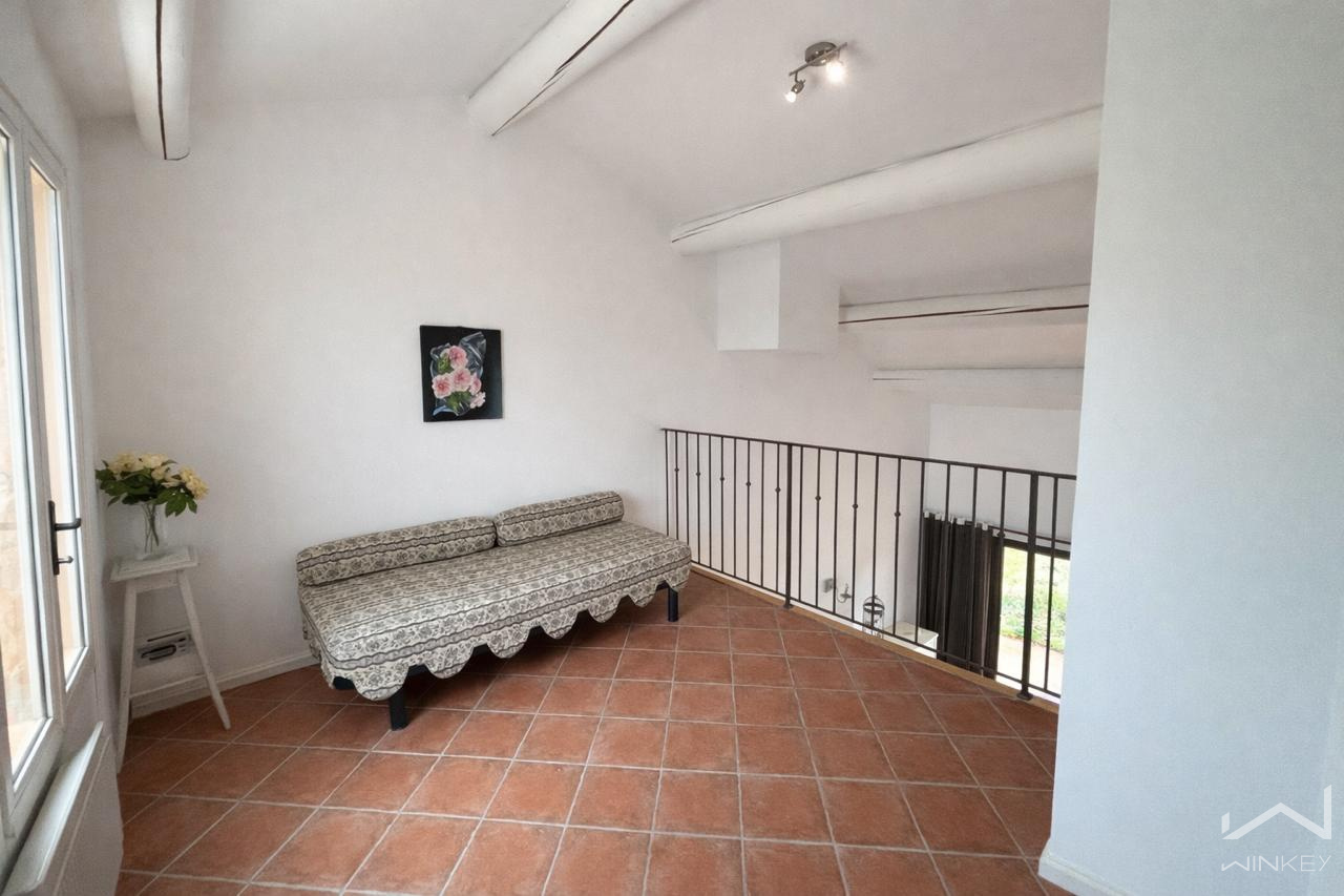 Une mezzanine ouverte sur le séjour vient compléter l’ensemble, idéale pour aménager un coin bureau ou un espace détente.
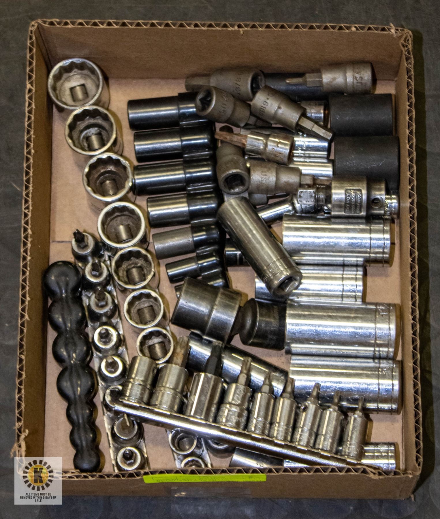 BOX OF ASST'D DRIVERS/ SOCKETS; STANDARD & DEEP
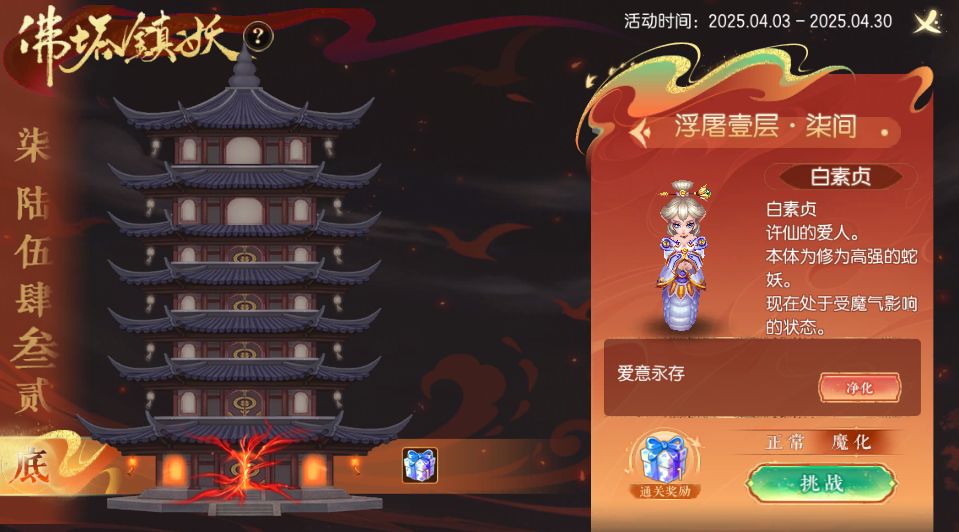 第一层的小怪分别为爱之妖、妖之爱,boss为白素贞。如果在通过boss关卡时无法击败魔化的它,可以尝试完成净化任务“爱意永存”来让它恢复正常。

Activity: Only the lines from the line with "BOX OF ASST'D" through the closing line of the data, both included, should be set down, exactly as written and without pictures.

Written response:
 BOX OF ASST'D DRIVERS/ SOCKETS; STANDARD & DEEP
 第一层的小怪分别为爱之妖、妖之爱,boss为白素贞。如果在通过boss关卡时无法击败魔化的它,可以尝试完成净化任务“爱意永存”来让它恢复正常。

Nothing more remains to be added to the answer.